Проснувшись в полнейшей темноте, Бонго поднял голову. Сев в постели, протянул руку и нащупал горячий бок спящей рядом женщины. Машинально погладил ее, проведя пальцами по расслабленной теплой спине от лопаток до пухлых ягодиц. Женщина с готовностью развернулась, и в ладонь его сама собой ткнулась полная женская грудь. Бонго, нахмурившись, отстранился. Смутная тревога овладела им, ему было не до ласк, не до любовного тренажа.

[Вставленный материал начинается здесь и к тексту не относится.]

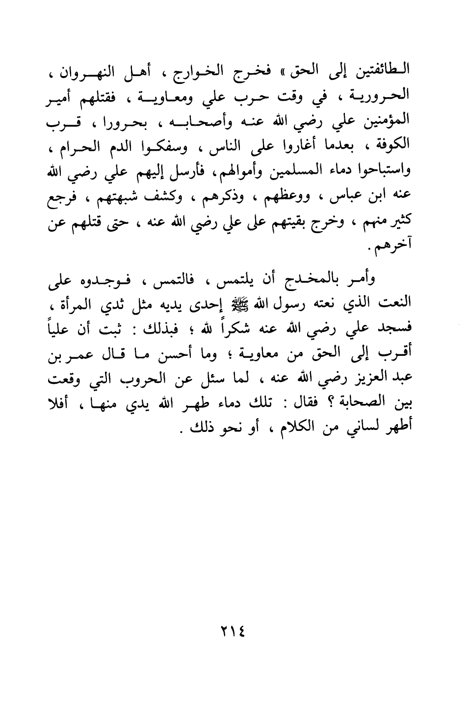 وأمر بالمخدج أن يلتمس، فالتمس، فوجدوه على النعت الذي نعته رسول الله صلى الله عليه وسلم إحدى يديه مثل ثدي المرأة، فسجد علي رضي الله عنه شكرا لله. فبذلك ثبت أن عليا أقرب إلى الحق من معاوية. وما أحسن ما قال عمر بن عبد العزيز رضي الله عنه لما سئل عن الحروب التي وقعت بين الصحابة، فقال: تلك دماء طهر الله يدي منها، أفلا أطهر لساني من الكلام، أو نحو ذلك.
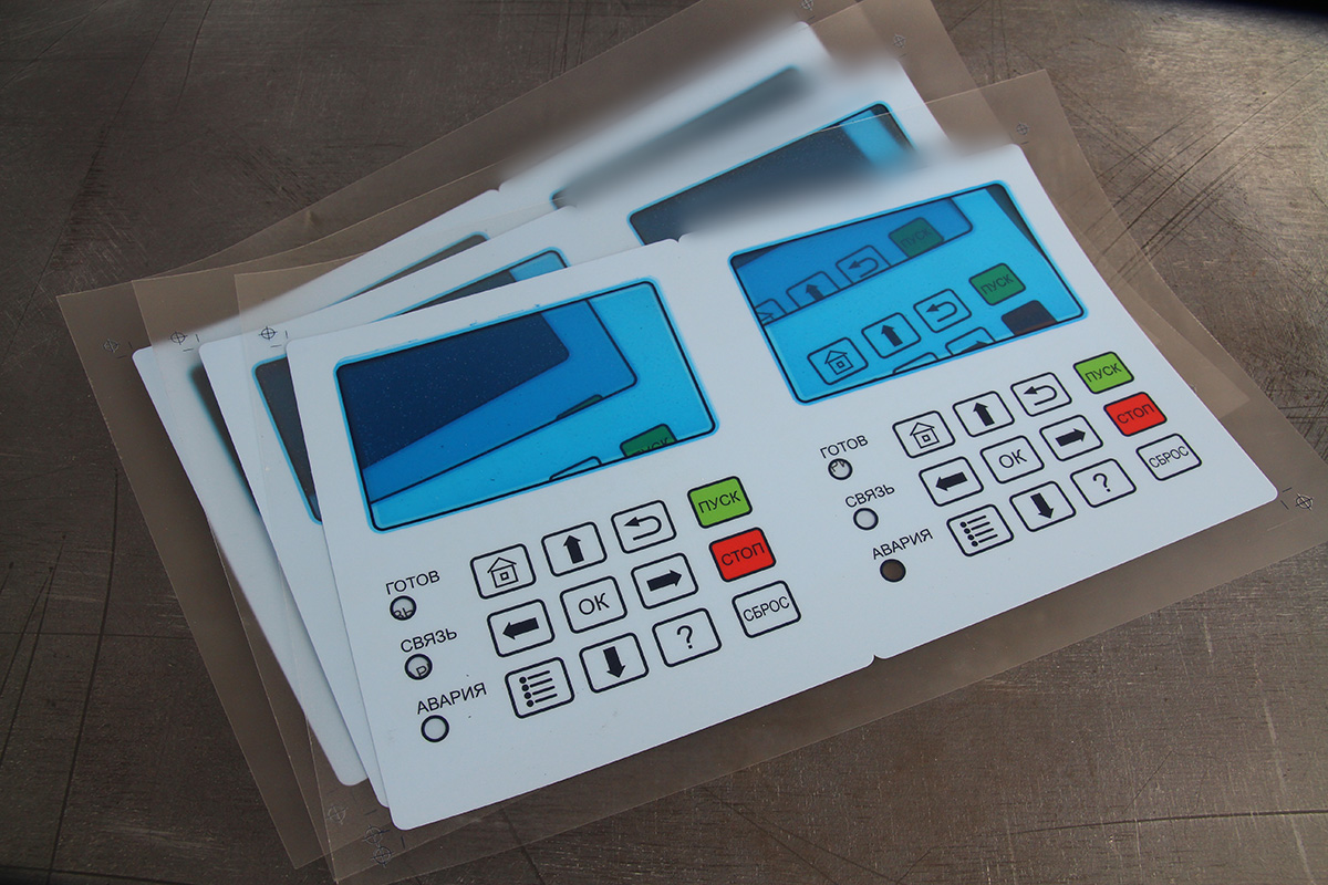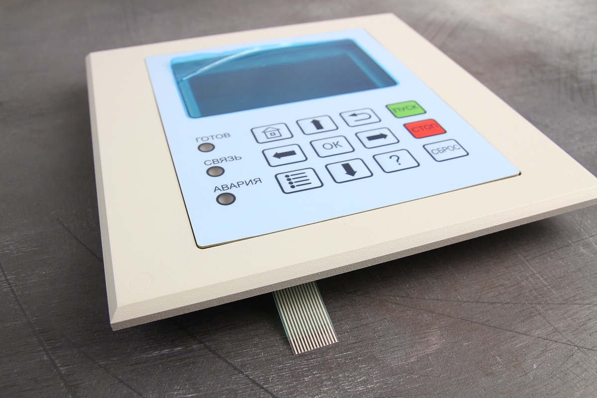 На матовом лавсане F150 методом шелкографии в 4 цвета изготовили пленочную лицевую панель. Выполнили термо-вакуумную формовку кнопок.
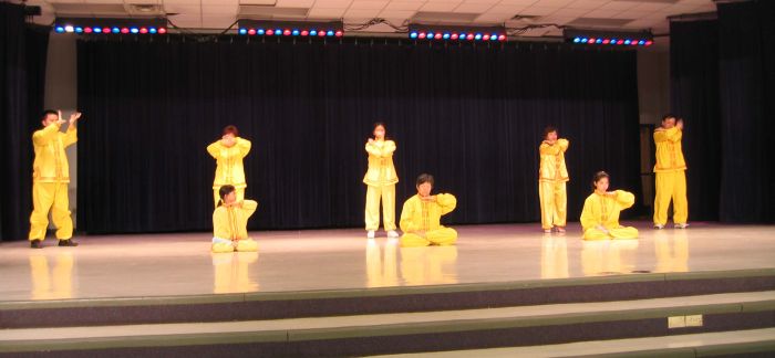学员们表演的第二个节目,是由9名学员组成,身着金黄色炼功服的法轮功功法表演队,8名学员为来宾们演示祥和、优美的五套功法,一名上高中的小弟子在舞台的讲台上为功法的动作做解释。功法表演队包括了所有年龄段的人,小学生,中学生、高中生、青年、中年至老年-- 一位七旬的老年弟子。观众们知道了每个人都可以炼法轮功,当学员们随着庄严、祥和的炼功音乐,展示着优美、舒缓的功法的时候。台下,有的学生、家长、老师也情不自禁地跟着学起来。
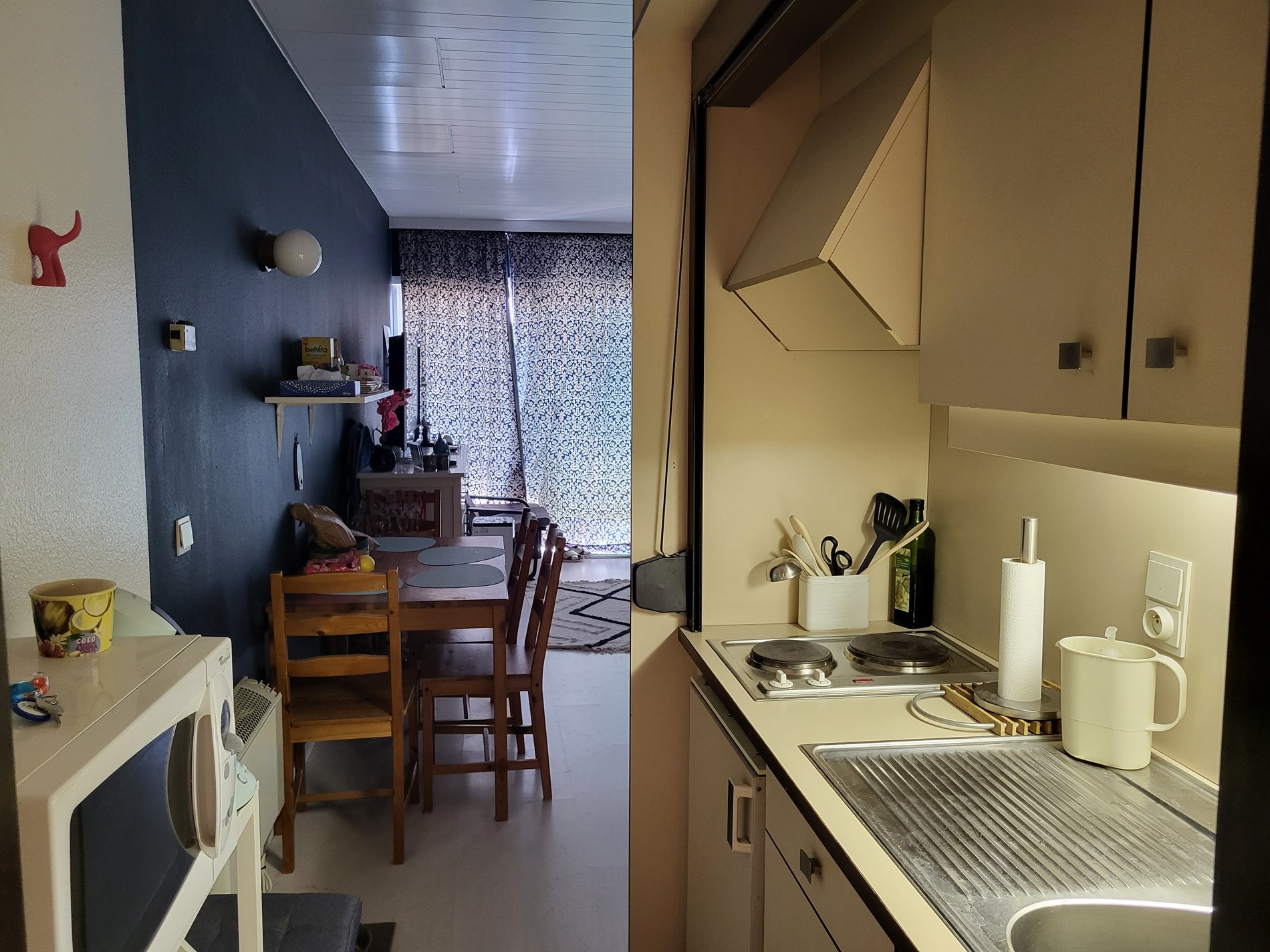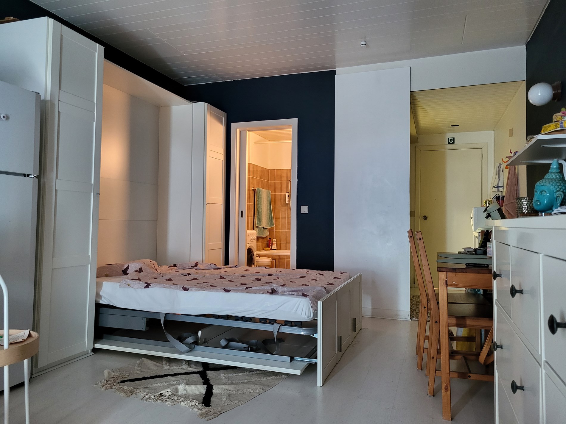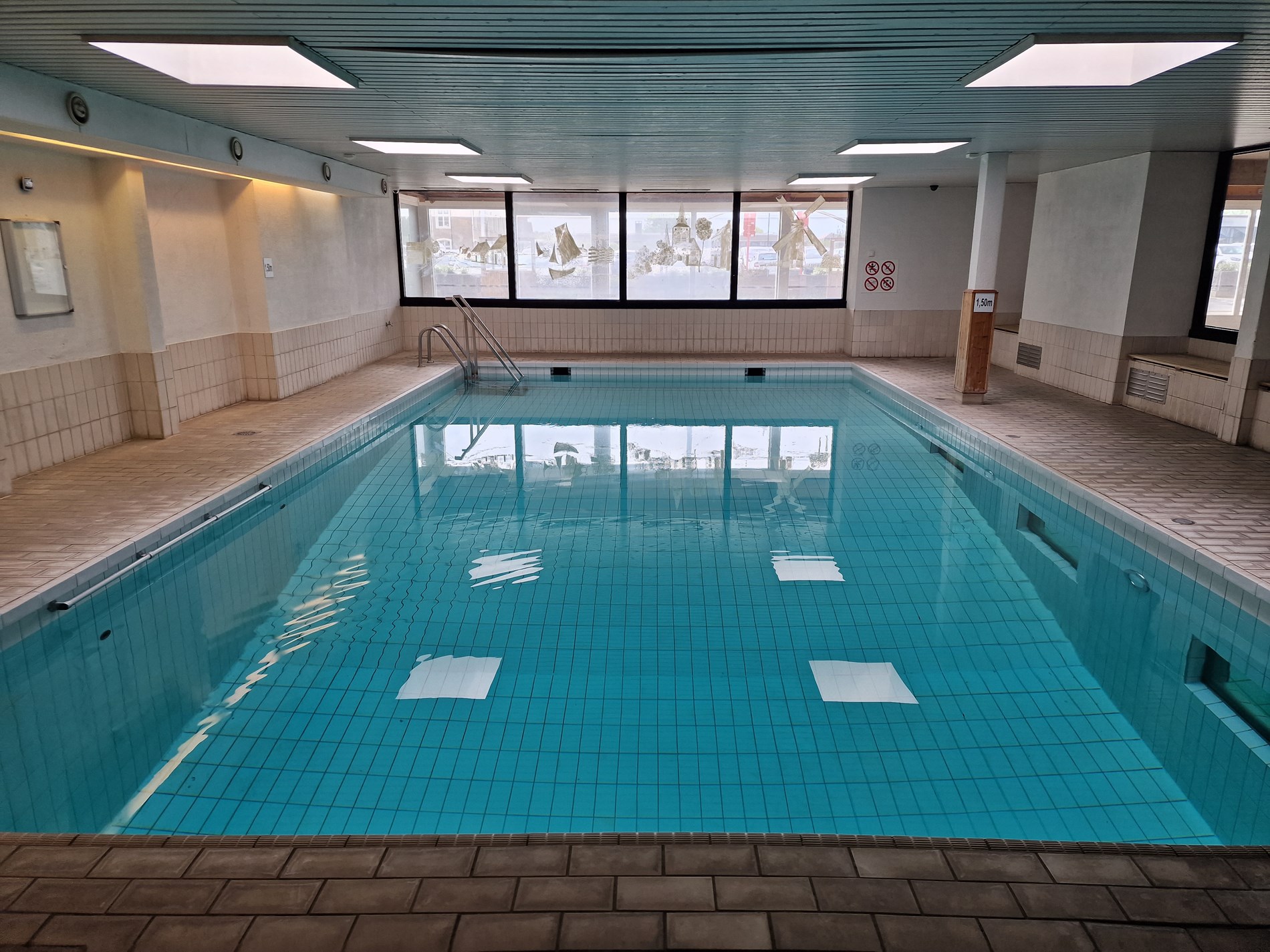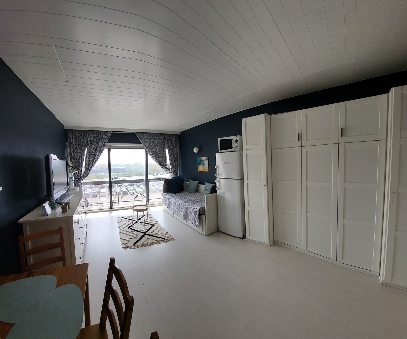 Cosy studio around the corner from the seafront in Oostduinkerke - Bad. Bright living room with open kitchen, bathroom with bath, toilet and single washbasin. Sofa bed for 2 persons and a built-in double bed in the living room.The residence has an indoor swimming pool.

— Спи!.. — Он поднялся и нашарил сандалии. Стараясь ступать бесшумно, вышел на балкон.
Черное небо, звезды, набегающий со стороны моря слабый ветерок. Внизу у ворот кемарили вооруженные алебардами стражники, еще двое маячили на фоне ночного неба на крепостной стене. Уж что-что, а охрану Рюм отладил будь здоров. То есть, конечно, все равно спали, а куда деваться, но Рюм приучил их спать вполуха и вполглаза, и Бонго не сомневался, что стоит ему погромче кашлянуть, и головы копьеносцев тотчас вскинутся, а стрелок в башне, подняв взведенный арбалет, сунется в бойницу, спешно отыскивая цель. За бдительность здесь платили золотом, за верхоглядство казнили на месте. Вернее, препровождали в особую темницу, а уж там Рюм под настроение превращал их в кровавый фарш. Тела, прикрыв мешковиной, вывозили на рассвете и сбрасывали в Тибр. Об этом знали все, а потому за сон хозяев, где бы они ни останавливались на постой, можно было не беспокоиться. Сон братьев Лучано охраняли не менее прочно, чем сон самого папы римского.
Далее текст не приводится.